Explanation and Key Points

This R pipeline mirrors SAS cleaning logic using tidyverse functions. Key parallels include:

SAS	R
PROPCASE	str_to_title
COMPRESS	str_replace_all
INPUT	as.numeric
IF-THEN	case_when
COALESCEC	coalesce
STRIP	str_trim

R provides exceptional flexibility for exploratory data engineering, while SAS excels in governed enterprise environments.

Enterprise Validation & Compliance

In SDTM and ADaM environments, every transformation must be traceable.

Key enterprise requirements include:

Audit trails
QC independence
Metadata governance
Reproducibility
Variable lineage
Controlled terminology
Validation traceability

One dangerous SAS behavior is:

if Age < 18 then delete;

Because SAS treats missing numeric values as smaller than valid numbers, records with missing age also get deleted unintentionally.

This can create catastrophic analytical bias in clinical trials.

Defensive programming is mandatory.

20 Real-World Data Cleaning Best Practices

Standardize variable naming conventions
Validate dates before conversion
Remove duplicate business keys
Track audit metadata
Use reusable macros
Avoid hardcoded logic
Standardize categorical labels
Validate numeric ranges
Implement QC independence
Preserve raw source datasets
Log all transformations
Validate email structures
Standardize region codes
Use metadata-driven mappings
Separate raw and curated layers
Implement production checkpoints
Use defensive IF conditions
Validate missing-value assumptions
Automate reconciliation checks
Document derivation logic thoroughly

Business Logic Behind Data Cleaning

Business logic is the foundation of analytical reliability. Missing values are often imputed because downstream models and reporting systems cannot process null structures consistently. For example, if a fruit price is missing, revenue summaries become distorted. In clinical trials, missing patient ages may exclude subjects from eligibility analysis.

Unrealistic values must also be corrected. Negative shipment costs or impossible patient ages create misleading analytical outcomes. Date standardization is equally critical because reporting timelines, treatment durations, and seasonal analyses depend heavily on accurate temporal calculations.

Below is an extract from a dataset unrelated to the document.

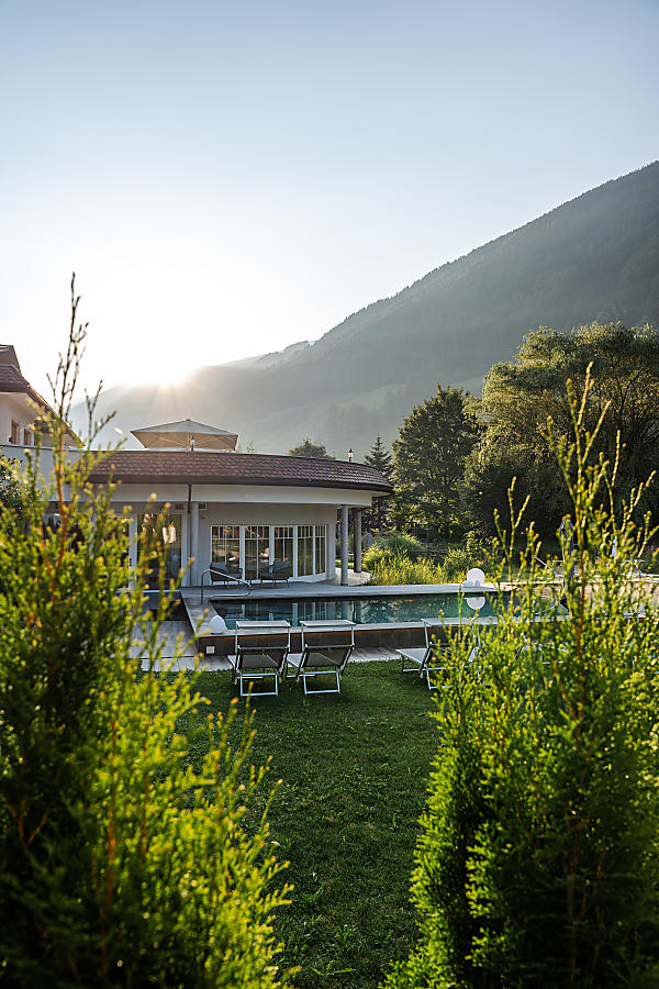 Natur tut gut. Und um die Natur dreht sich auch Ihre Wellness-Auszeit im Ahrntal. Unser Spa-Bereich steht ganz im Zeichen der Elemente. Wasser spendet Kraft – mal im warmen Hallenbad, mal im erfrischenden Badeteich oder im neuen ganzjährig beheiztem Outdoor Pool. Alpine Luft weckt die Sinne, Wärme lockert die Muskeln und im Ruheraum erdet ein Traumblick ins Grüne. Egal, wo Sie durchatmen, egal wie Sie entspannen: Wellness im Ahrntal schenkt viele gute Gedanken.

Text normalization ensures that “Tropical,” “tropical,” and “TROPICAL” are treated as identical business categories. Without normalization, aggregation logic fragments analytical summaries.

These corrections are not cosmetic. They directly influence executive decisions, AI predictions, operational KPIs, and regulatory submissions.

20 One-Line Insights

Dirty data creates expensive business mistakes.
Validation logic is stronger than visual inspection.
Missing dates silently break forecasting models.
Duplicate IDs inflate analytical metrics.
Standardized variables improve reproducibility.
Regulatory submissions demand traceability.
Defensive programming prevents hidden failures.
Audit readiness begins with metadata discipline.
PROC SQL simplifies relational intelligence.
DATA step excels in row-wise control.
R accelerates exploratory transformations.
SAS dominates governed enterprise reporting.
Poor text normalization fragments dashboards.
Controlled terminology improves aggregation quality.
QC independence increases analytical trust.
Macros improve scalability and consistency.
Missing numeric values require special handling in SAS.
Enterprise analytics depends on reproducible pipelines.
Standardization improves machine-learning stability.
Reliable analytics begins with reliable data.

SAS vs R Comparison

Capability	SAS	R
Auditability	Excellent	Moderate
Regulatory Acceptance	Industry Standard	Growing
Flexibility	Moderate	Very High
Performance	Strong	Strong
Visualization	Moderate	Excellent
Governance	Excellent	Moderate
Macro Automation	Powerful	Functional
Exploratory Analysis	Moderate	Excellent
Production Stability	Excellent	Good
Open Source	No	Yes

SAS dominates highly regulated enterprise ecosystems because of auditability, reproducibility, and metadata control. R excels in exploratory analytics, statistical flexibility, and rapid prototyping. Together, they create an extremely powerful hybrid analytics framework.

Validation Checklist

1.Duplicate check completed
2.Date conversion validated
3.Missing-value review performed
4.Email structure verified
5.Region normalization applied
6.Numeric range validation completed
7.Metadata reviewed
8.QC reconciliation performed

Summary

Creating analysis-ready datasets is one of the most critical responsibilities in enterprise analytics, especially in industries such as clinical research, banking, insurance, retail, and healthcare. Raw operational data often contains serious quality issues including duplicate records, invalid dates, negative numeric values, inconsistent text formatting, missing variables, malformed emails, corrupted categorical values, and mixed data types. These problems can severely impact dashboards, statistical outputs, AI predictions, regulatory submissions, and executive decision-making.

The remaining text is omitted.